Entries taken from a collection
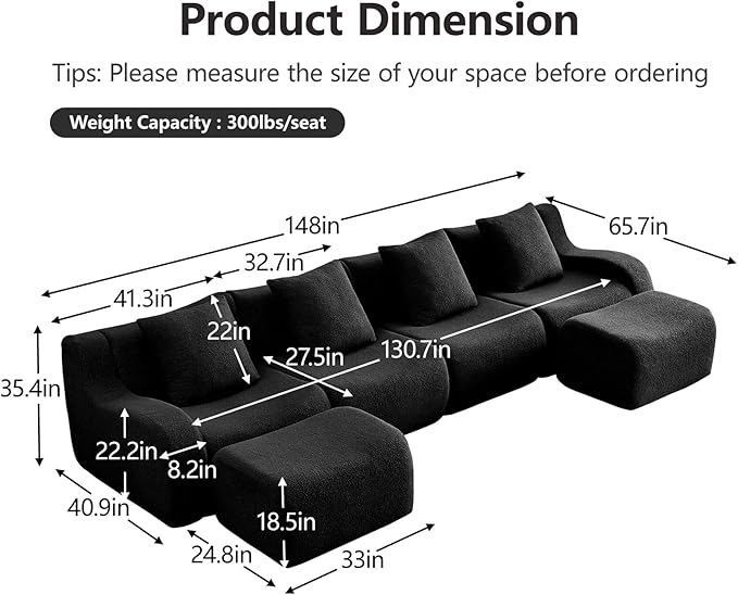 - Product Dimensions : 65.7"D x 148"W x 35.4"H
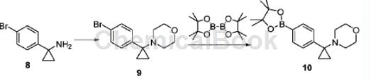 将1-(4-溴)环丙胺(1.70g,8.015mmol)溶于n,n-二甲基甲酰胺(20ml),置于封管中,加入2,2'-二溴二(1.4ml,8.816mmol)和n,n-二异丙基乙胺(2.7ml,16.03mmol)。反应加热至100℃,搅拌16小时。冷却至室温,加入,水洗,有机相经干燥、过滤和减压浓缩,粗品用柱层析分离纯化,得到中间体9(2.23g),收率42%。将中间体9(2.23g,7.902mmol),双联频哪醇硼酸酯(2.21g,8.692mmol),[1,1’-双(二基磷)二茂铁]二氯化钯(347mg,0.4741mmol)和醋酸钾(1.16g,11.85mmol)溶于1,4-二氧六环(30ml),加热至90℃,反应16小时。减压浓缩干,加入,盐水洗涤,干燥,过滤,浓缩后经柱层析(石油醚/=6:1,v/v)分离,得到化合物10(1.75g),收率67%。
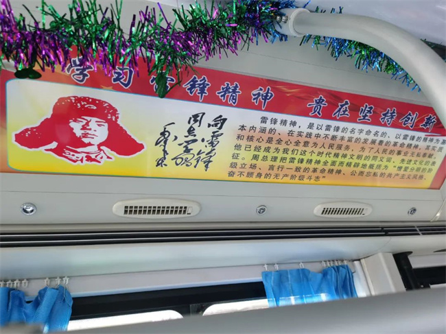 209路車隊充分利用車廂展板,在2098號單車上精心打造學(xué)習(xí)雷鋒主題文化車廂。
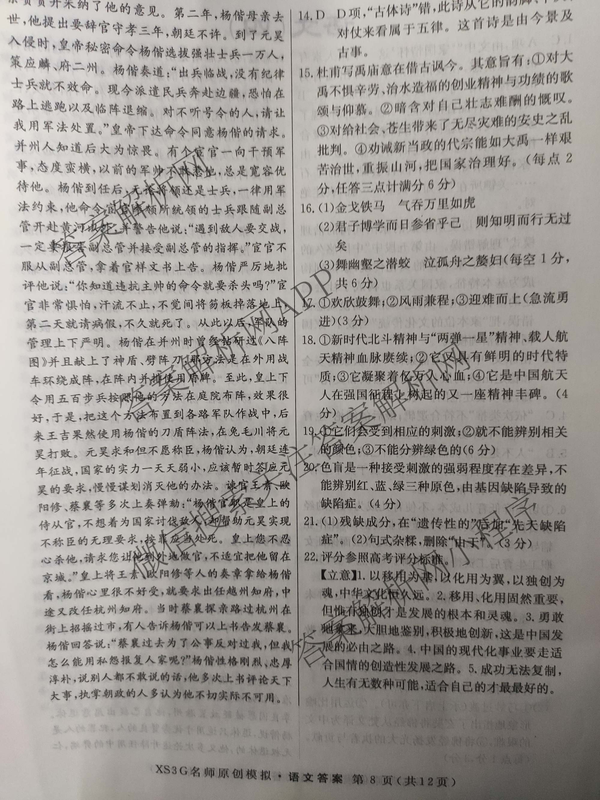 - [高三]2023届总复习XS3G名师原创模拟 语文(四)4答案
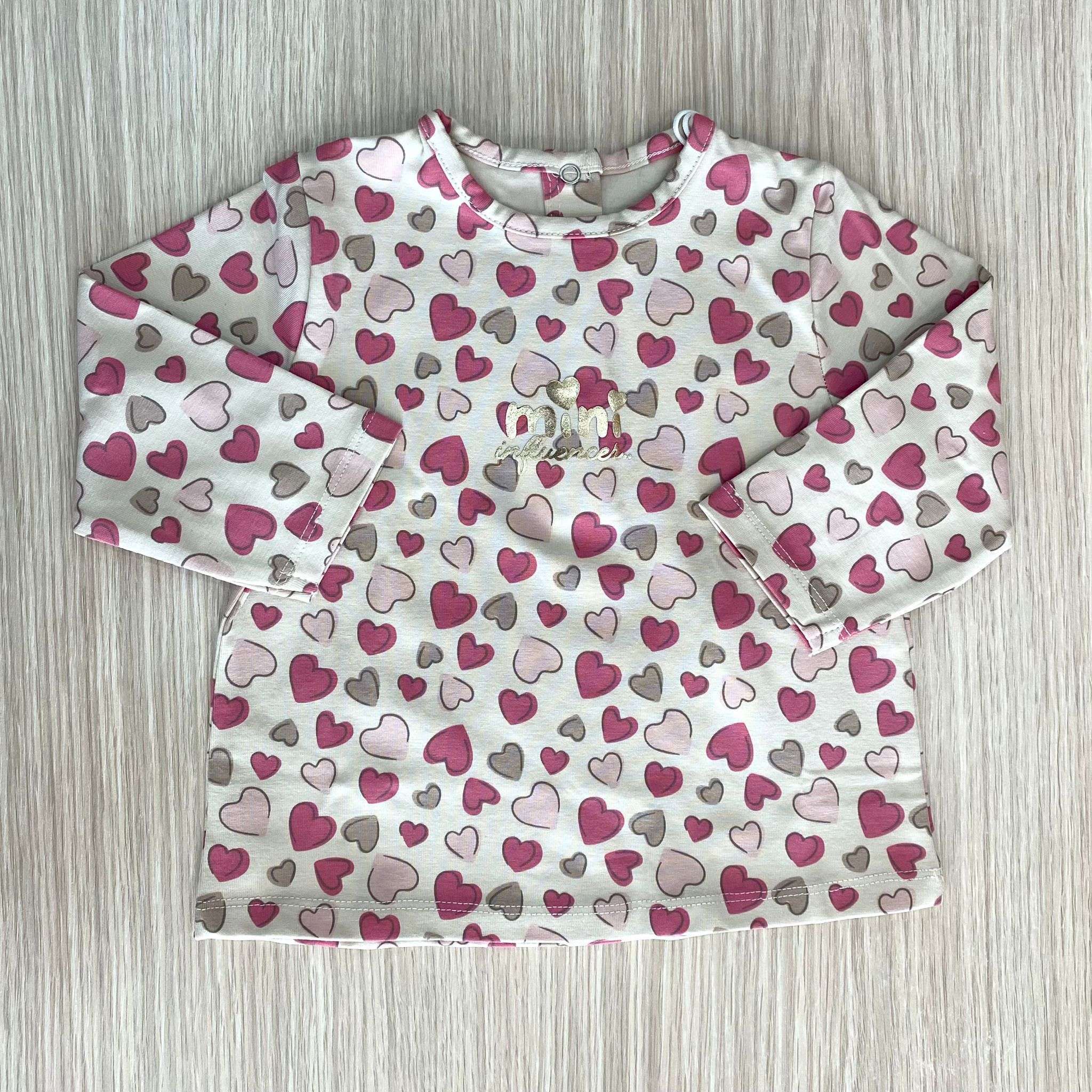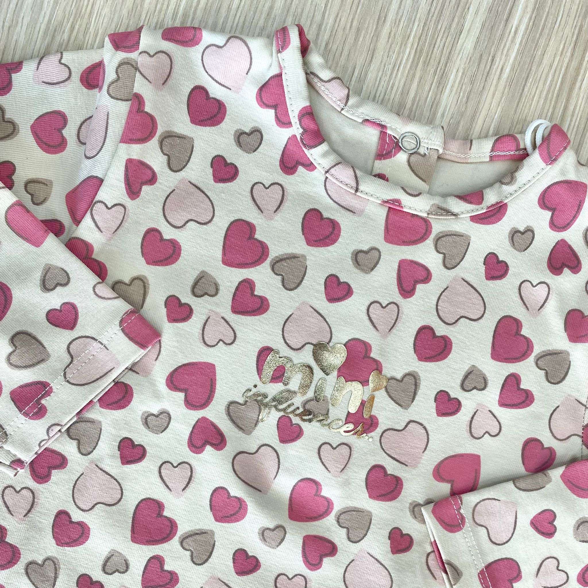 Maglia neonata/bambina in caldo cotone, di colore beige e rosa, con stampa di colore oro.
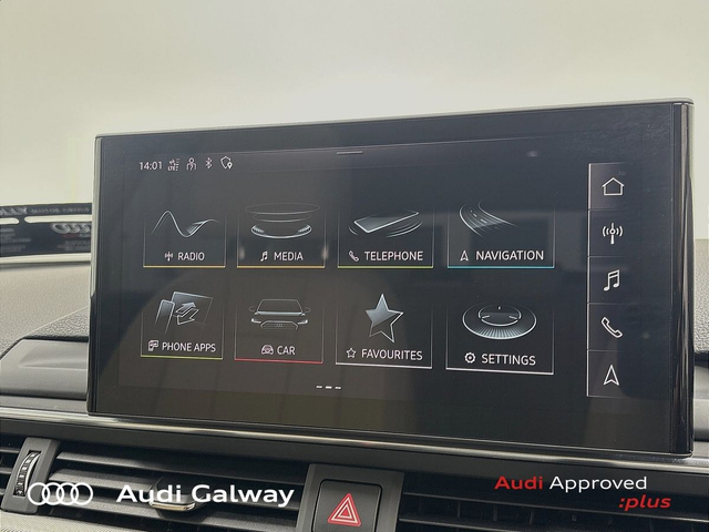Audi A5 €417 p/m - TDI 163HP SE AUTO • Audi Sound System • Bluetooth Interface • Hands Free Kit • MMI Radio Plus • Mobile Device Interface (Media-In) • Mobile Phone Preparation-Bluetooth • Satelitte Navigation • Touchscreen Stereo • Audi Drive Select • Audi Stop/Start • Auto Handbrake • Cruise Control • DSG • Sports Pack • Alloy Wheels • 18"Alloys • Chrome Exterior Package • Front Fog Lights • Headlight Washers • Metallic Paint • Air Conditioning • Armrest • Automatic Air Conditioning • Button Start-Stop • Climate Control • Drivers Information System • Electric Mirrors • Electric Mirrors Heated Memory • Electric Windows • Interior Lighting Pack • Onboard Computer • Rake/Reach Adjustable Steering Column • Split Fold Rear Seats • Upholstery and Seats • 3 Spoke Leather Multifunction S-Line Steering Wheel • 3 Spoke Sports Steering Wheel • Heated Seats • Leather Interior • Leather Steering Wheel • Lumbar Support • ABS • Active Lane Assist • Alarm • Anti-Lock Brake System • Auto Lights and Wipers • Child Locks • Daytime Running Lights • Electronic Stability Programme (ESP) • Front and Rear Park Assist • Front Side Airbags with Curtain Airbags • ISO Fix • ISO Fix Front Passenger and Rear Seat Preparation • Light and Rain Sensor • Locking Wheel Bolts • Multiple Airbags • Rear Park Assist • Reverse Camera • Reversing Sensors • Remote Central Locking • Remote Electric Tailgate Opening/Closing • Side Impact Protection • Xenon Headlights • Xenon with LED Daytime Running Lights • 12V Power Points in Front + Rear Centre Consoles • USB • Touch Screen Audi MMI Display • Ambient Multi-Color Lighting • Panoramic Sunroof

### What to do
Your reply should consist solely of the lines above, from the opening line through the line with "Maglia neonata/bambina in", reproduced exactly and without pictures.

### Your response
 - Product Dimensions : 65.7"D x 148"W x 35.4"H
 将1-(4-溴)环丙胺(1.70g,8.015mmol)溶于n,n-二甲基甲酰胺(20ml),置于封管中,加入2,2'-二溴二(1.4ml,8.816mmol)和n,n-二异丙基乙胺(2.7ml,16.03mmol)。反应加热至100℃,搅拌16小时。冷却至室温,加入,水洗,有机相经干燥、过滤和减压浓缩,粗品用柱层析分离纯化,得到中间体9(2.23g),收率42%。将中间体9(2.23g,7.902mmol),双联频哪醇硼酸酯(2.21g,8.692mmol),[1,1’-双(二基磷)二茂铁]二氯化钯(347mg,0.4741mmol)和醋酸钾(1.16g,11.85mmol)溶于1,4-二氧六环(30ml),加热至90℃,反应16小时。减压浓缩干,加入,盐水洗涤,干燥,过滤,浓缩后经柱层析(石油醚/=6:1,v/v)分离,得到化合物10(1.75g),收率67%。
 209路車隊充分利用車廂展板,在2098號單車上精心打造學(xué)習(xí)雷鋒主題文化車廂。
 - [高三]2023届总复习XS3G名师原创模拟 语文(四)4答案
 Maglia neonata/bambina in caldo cotone, di colore beige e rosa, con stampa di colore oro.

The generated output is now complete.